After consulting 830 the platform resources library, the method of FIG. 8 continues by identifying 840 the platform resource candidates based on non-performance capabilities and performance limitations of the plurality of platform resources. That is, in addition to performance capabilities, resource candidate identification may also rely on non-performance capabilities as well as performance limitations.
For further explanation, FIG. 9 sets forth a flow chart illustrating another example method of providing platform resource candidates to a workload initiator in accordance with some implementations of the present disclosure. The method of FIG. 9 is similar to the method of FIG. 7 , except that the method of FIG. 9 includes ranking 910 each of the plurality of platform resources based on the performance capabilities, the utilization metrics, non-discoverable performance capabilities, and performance limitations. In some examples, ranking 910 each of the plurality of platform resources based on the performance capabilities, the utilization metrics, non-discoverable performance capabilities, and performance limitations is carried out by the platform resource integrity service 210 by ranking the performance capabilities, the utilization metrics, non-discoverable performance capabilities, and performance limitations based on the ability of the APU 102 or the dGPU to 1) deliver a maximum frame rate and/or highest quality possible under the maximum platform capacity allowed by the APU 102 or the dGPU, 2) a memory bandwidth, 3) compute bandwidth, 4) the ability or capacity to maintain a frame rate for real-time various types of use cases, 5) the capacity and ability to conserve energy such as, for example, the ability to carry out a workload based on a lowest power option or the highest performance option, the capacity to minimize memory transfers between the APU 102 or the dGPU, and 6) the ability to minimize a memory footprint. It should be noted that user preferences can be used also for ranking the capacities.

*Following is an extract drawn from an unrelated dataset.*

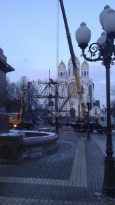 Как сообщили в управлении культуры городской администрации, они начались с установки ели на площади Победы, которая пройдет в несколько этапов: сначала будет сооружен каркас высотой 30,5 метра, затем специалисты начнут прикреплять шесть тысяч хвойных веток. На дерево повесят полторы тысячи шаров - тысяча по 150 мм и 500 шаров по 200 мм, 500 бантов и 100 гирлянд. Макушку увенчает полутораметровая «Полярная звезда». Монтаж и подключение ели специалисты завершат к 17 декабря. После этого 18-метровая ель будет установлена на площади у Дома Советов.

During operation of a system, resource utilization and capabilities change. To that end, FIG. 10 sets forth a flow chart illustrating an example method in which platform resource candidates are updated during runtime according to implementations of the present disclosure. The method of FIG. 10 is similar to that of FIG. 7 , except that the method of FIG. 10 also includes dynamically providing 1010, during runtime of the workload, updated platform resource candidates based on adjusted performance capabilities and adjusted utilization metrics of the plurality of platform resources. In some examples, dynamically providing 1010 updated platform resource candidates is carried out by providing an updated recommendation to the workload initiator to reallocate platform resources. For example, when a change is detected in a platform resource, which was provided in the previously provided set of resource candidates, the platform resource candidates can be re-identified based on the detected change and an updated recommendation of resource candidates can be provided to the workload initiator. Such changes can include, for example, a change in performance, the number of active processes, a number of active threads, loss or gain in power consumption, or combinations thereof.
For further explanation, FIG. 11 sets forth a flow chart illustrating an example method of compound processing of an upscaling operation of a rendered frame using a platform resource recommendation service in accordance with some implementations of the present disclosure. It should be noted, as described herein a scaling operation or “upscaling” can also include downscaling such as, for example, when a frame is rendered with a higher resolution than is presented to an end-user. Thus, in general, a scaling operation can also include image processing (e.g., image sharpening) without scaling, along with scaling operation, or independently, without scaling, in a cross-device manner.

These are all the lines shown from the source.